• _EXERCISE INSTRUCTIONS_
Retype, exactly and completely, the listing that comes next, skipping its images.

• _MATERIAL PROVIDED_
____

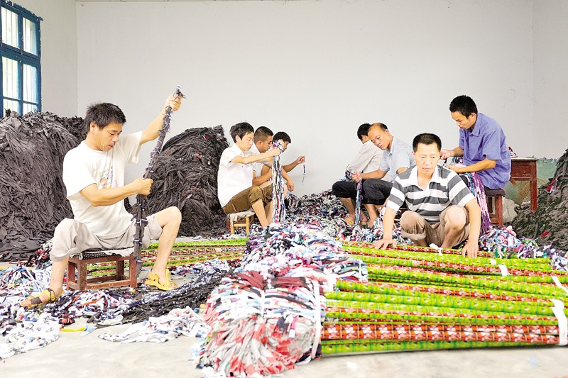 曾都区爱心残疾人就业培训中心就业基地二十余名残疾人正在制作拖把。日前他们制作的1万把价廉物美的拖把、扫把愁销,希望有爱心人士前来购买。 (本报记者 李文军摄)
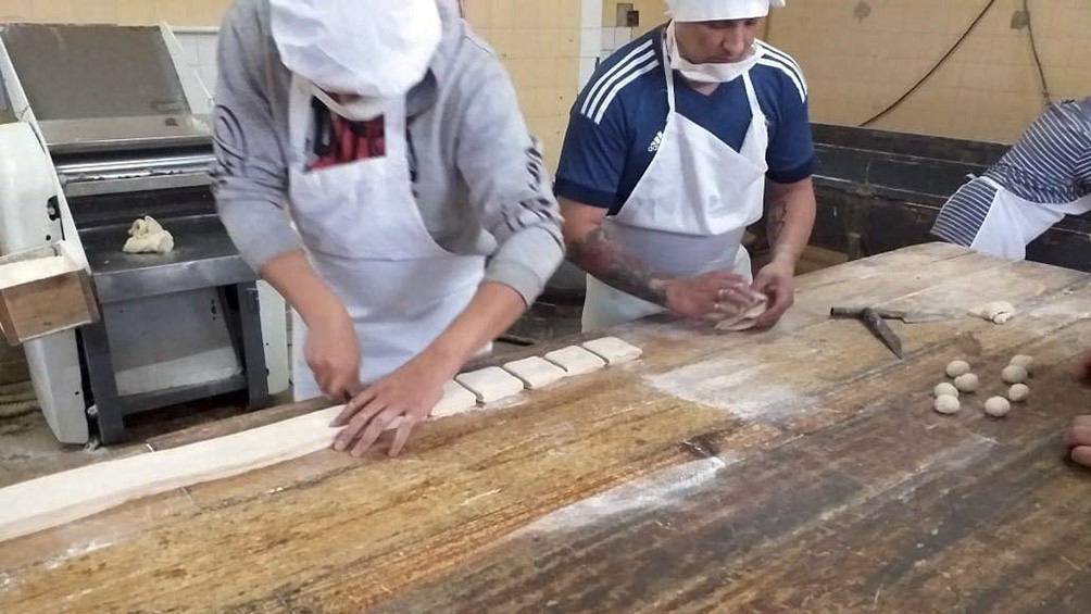 La experiencia se realizó en la panadería que funciona en la Unidad 5. Se hicieron 300 pasteles y 200 kilos de pan que fueron distribuídos por All Boys Solidario y la Secretaría de Desarrollo Social de Mercedes.
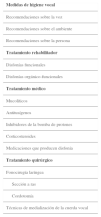 La voz normal depende de cada oyente en base a criterios socioculturales, educacionales, laborales y ambientales, así como de la percepción individual. El abuso de tóxicos, traumatismos, actividades profesionales o enfermedades asociadas son posibles factores de riesgo para causar disfonía. Existen varios tipos de disfonía: orgánicas, funcionales y orgánico-funcionales; si hay lesiones anatómicas en las cuerdas vocales o un mal uso y abuso vocal. El diagnóstico de un paciente con disfonía es una anamnesis y un examen clínico e instrumental para observar las cuerdas vocales en reposo y en movimiento. Es importante valorar el grado de incapacidad y repercusión emocional que una alteración vocal provoca en la vida diaria y profesional de una persona. El signo de alerta de una neoplasia suele ser la disfonía continua de tres semanas de evolución. Las principales medidas terapéuticas para un paciente con disfonía son higiene vocal, tratamiento rehabilitador, médico y quirúrgico.

____

• _EXERCISE ANSWER_
 曾都区爱心残疾人就业培训中心就业基地二十余名残疾人正在制作拖把。日前他们制作的1万把价廉物美的拖把、扫把愁销,希望有爱心人士前来购买。 (本报记者 李文军摄)
 La experiencia se realizó en la panadería que funciona en la Unidad 5. Se hicieron 300 pasteles y 200 kilos de pan que fueron distribuídos por All Boys Solidario y la Secretaría de Desarrollo Social de Mercedes.
 La voz normal depende de cada oyente en base a criterios socioculturales, educacionales, laborales y ambientales, así como de la percepción individual. El abuso de tóxicos, traumatismos, actividades profesionales o enfermedades asociadas son posibles factores de riesgo para causar disfonía. Existen varios tipos de disfonía: orgánicas, funcionales y orgánico-funcionales; si hay lesiones anatómicas en las cuerdas vocales o un mal uso y abuso vocal. El diagnóstico de un paciente con disfonía es una anamnesis y un examen clínico e instrumental para observar las cuerdas vocales en reposo y en movimiento. Es importante valorar el grado de incapacidad y repercusión emocional que una alteración vocal provoca en la vida diaria y profesional de una persona. El signo de alerta de una neoplasia suele ser la disfonía continua de tres semanas de evolución. Las principales medidas terapéuticas para un paciente con disfonía son higiene vocal, tratamiento rehabilitador, médico y quirúrgico.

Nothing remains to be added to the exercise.